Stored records
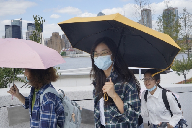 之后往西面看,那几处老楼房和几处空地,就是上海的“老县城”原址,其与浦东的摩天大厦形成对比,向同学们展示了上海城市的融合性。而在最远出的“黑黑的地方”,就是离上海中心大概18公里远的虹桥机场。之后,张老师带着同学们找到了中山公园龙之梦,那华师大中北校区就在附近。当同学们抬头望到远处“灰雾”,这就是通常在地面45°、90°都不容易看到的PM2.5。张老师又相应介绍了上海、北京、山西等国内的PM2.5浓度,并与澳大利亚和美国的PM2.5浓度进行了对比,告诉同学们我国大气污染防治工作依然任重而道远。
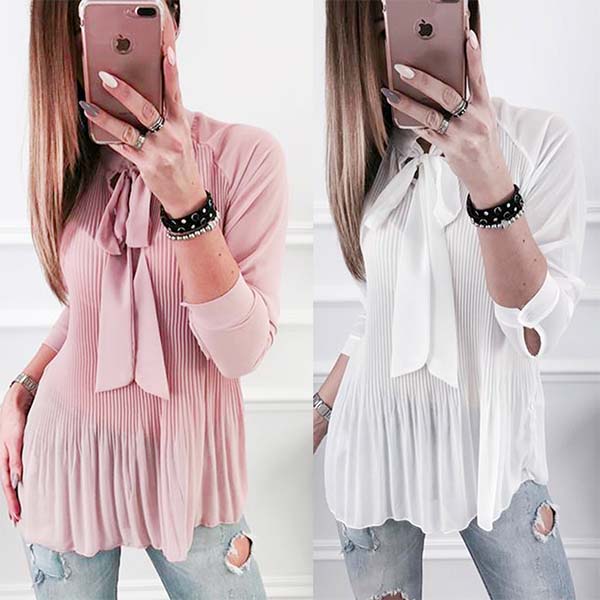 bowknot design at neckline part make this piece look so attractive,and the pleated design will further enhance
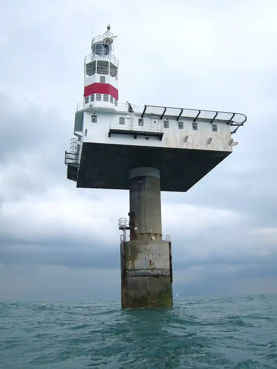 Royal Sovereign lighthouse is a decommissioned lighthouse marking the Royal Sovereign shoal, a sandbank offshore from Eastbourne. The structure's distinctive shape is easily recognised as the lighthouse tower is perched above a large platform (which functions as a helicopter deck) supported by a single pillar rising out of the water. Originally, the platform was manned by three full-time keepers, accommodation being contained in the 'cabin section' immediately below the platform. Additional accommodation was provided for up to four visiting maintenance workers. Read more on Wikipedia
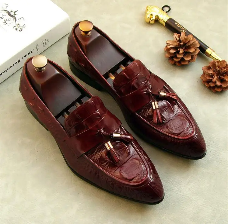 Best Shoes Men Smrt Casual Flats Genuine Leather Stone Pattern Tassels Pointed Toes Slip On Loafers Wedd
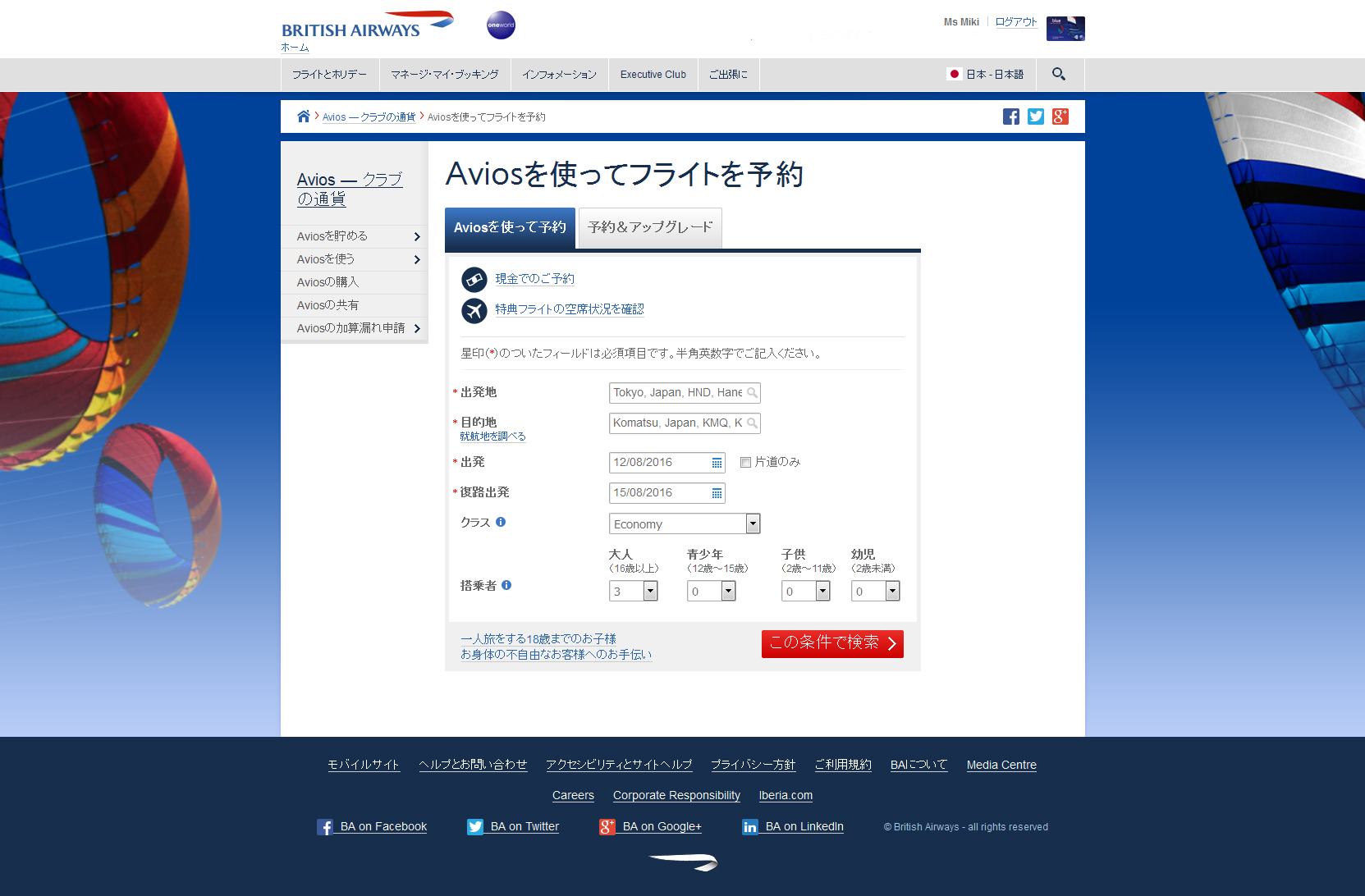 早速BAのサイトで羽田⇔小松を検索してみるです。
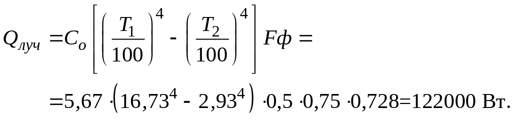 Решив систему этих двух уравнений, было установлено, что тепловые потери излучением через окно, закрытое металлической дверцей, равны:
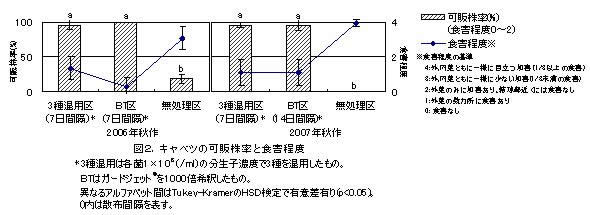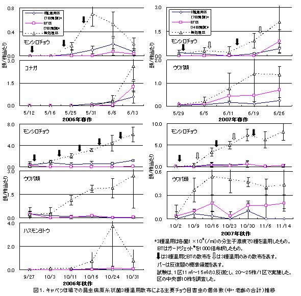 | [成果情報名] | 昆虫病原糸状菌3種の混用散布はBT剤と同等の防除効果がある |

◆ What you need to do: In the copy, keep every line of the data above exactly and drop each picture.

◆ Response to the exercise:
 之后往西面看,那几处老楼房和几处空地,就是上海的“老县城”原址,其与浦东的摩天大厦形成对比,向同学们展示了上海城市的融合性。而在最远出的“黑黑的地方”,就是离上海中心大概18公里远的虹桥机场。之后,张老师带着同学们找到了中山公园龙之梦,那华师大中北校区就在附近。当同学们抬头望到远处“灰雾”,这就是通常在地面45°、90°都不容易看到的PM2.5。张老师又相应介绍了上海、北京、山西等国内的PM2.5浓度,并与澳大利亚和美国的PM2.5浓度进行了对比,告诉同学们我国大气污染防治工作依然任重而道远。
 bowknot design at neckline part make this piece look so attractive,and the pleated design will further enhance
 Royal Sovereign lighthouse is a decommissioned lighthouse marking the Royal Sovereign shoal, a sandbank offshore from Eastbourne. The structure's distinctive shape is easily recognised as the lighthouse tower is perched above a large platform (which functions as a helicopter deck) supported by a single pillar rising out of the water. Originally, the platform was manned by three full-time keepers, accommodation being contained in the 'cabin section' immediately below the platform. Additional accommodation was provided for up to four visiting maintenance workers. Read more on Wikipedia
 Best Shoes Men Smrt Casual Flats Genuine Leather Stone Pattern Tassels Pointed Toes Slip On Loafers Wedd
 早速BAのサイトで羽田⇔小松を検索してみるです。
 Решив систему этих двух уравнений, было установлено, что тепловые потери излучением через окно, закрытое металлической дверцей, равны:
 | [成果情報名] | 昆虫病原糸状菌3種の混用散布はBT剤と同等の防除効果がある |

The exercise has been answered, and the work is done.